Sugar Oct ‘18 Daily Chart

Sugar Oct '18 Daily Chart

Joe Nikruto

Joe Nikruto attended Indiana State University and DePaul University in Chicago with a major concentration in economics. "It was during college that I got a job as a runner at the Chicago Board of Trade. I was immediately hooked," he says.He adds that he also enjoys futures trading because anyone can do it. "Your success depends on how you handle the risk and how much work you are willing to put in. You don't need a big-time Wall Street connection, or a degree from an Ivy League school to get started. Your success largely depends on you and what you put into it." In 1992, he started as a runner and back office clerk for a very large futures commission merchant (FCM).

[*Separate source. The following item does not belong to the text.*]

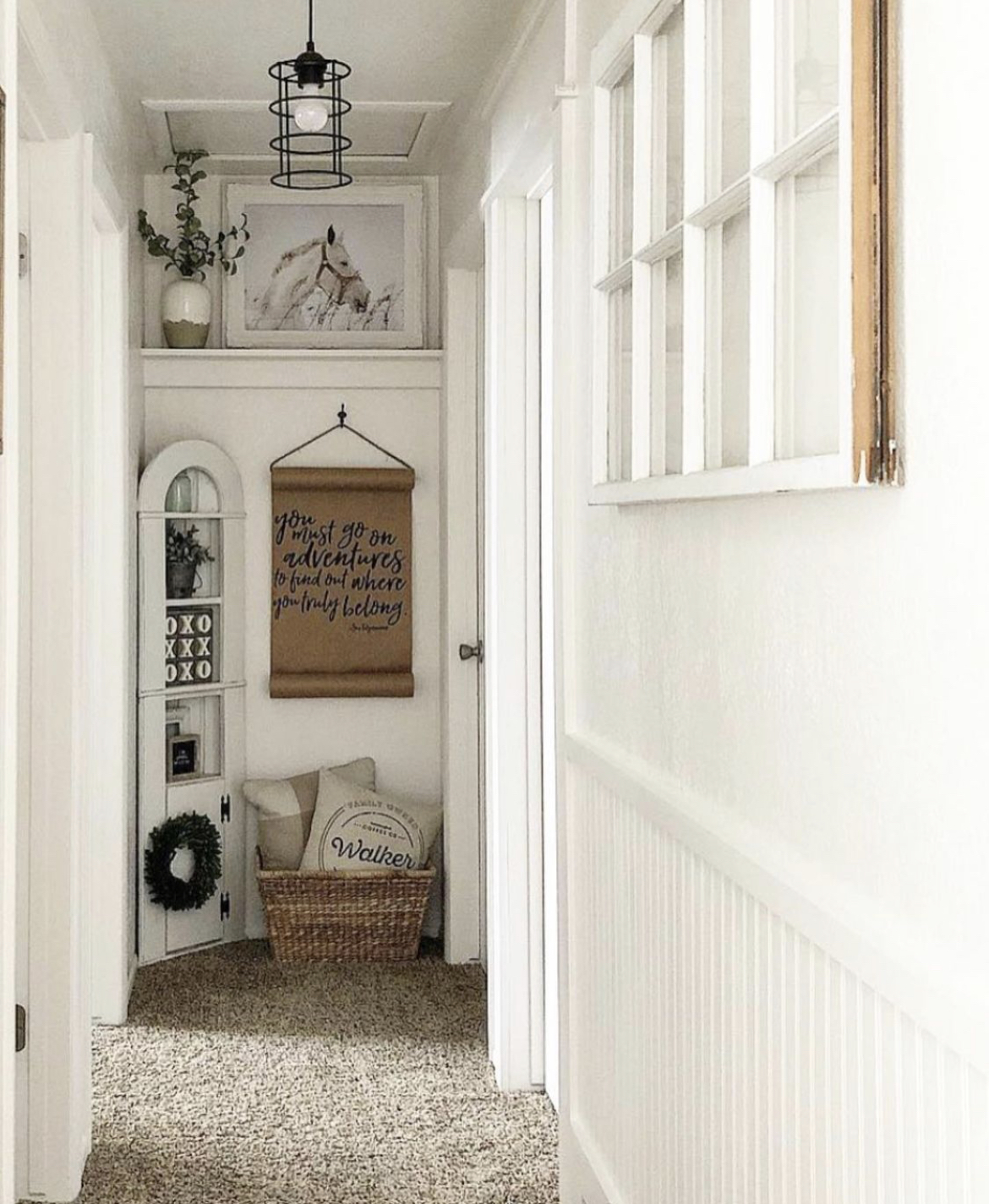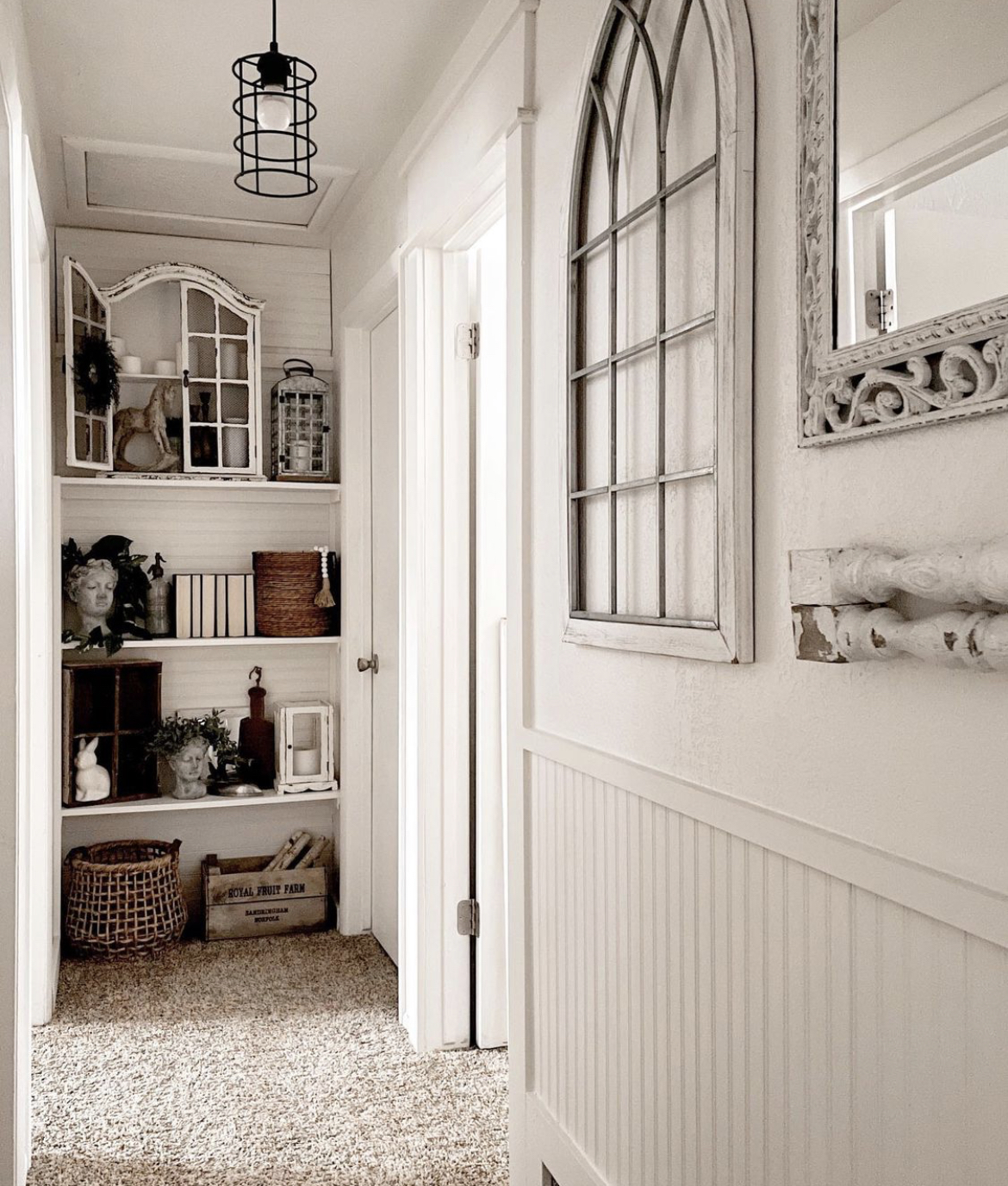 This space has seen a lot of changes over that last few years but the shelves have remained a constant. We also recently added shelves at the end of our hallway. It’s amazing how much they changed the look of this dead, useless space. Adding shelving is a great way to utilize a space that currently serves no purpose. I wanted the shelves in my hallway to look built in. I added beadboard to the back wall and then I created ledges for the shelves to sit on by using 1 x 2’s that I fastened to the beadboard wall and both sidewalls. Then I used 1 x 10 pine boards for the shelves. P.s. If you want adjustable shelves this method wouldn’t work. Check out the before and after below to see the difference the shelving makes.

He moved up to pit clerk, then research associate working on the trading floors directly for a grain and livestock concern based in Memphis. He spent time on various trading desks for a large retail FCM and then became Series 3 registered in 1997. He also helped develop an online trading platform and consulted on development and trading of mechanical trading systems. He has always worked to assist his clients with all types of trading-from option strategies and hedging to complicated mechanical trading systems. His advisory background includes Floyd Upperman, McMaster, Walter Bressert, Ken Roberts, Tech Guru, Hightower, Helms and Barry Rosen. As for his involvement with RJO, Nikruto says, "R.J. O'Brien has been in operation for more than 100 years. That is a century of supporting customers. You have to be doing something right for folks who use futures to choose to do business with you for that long."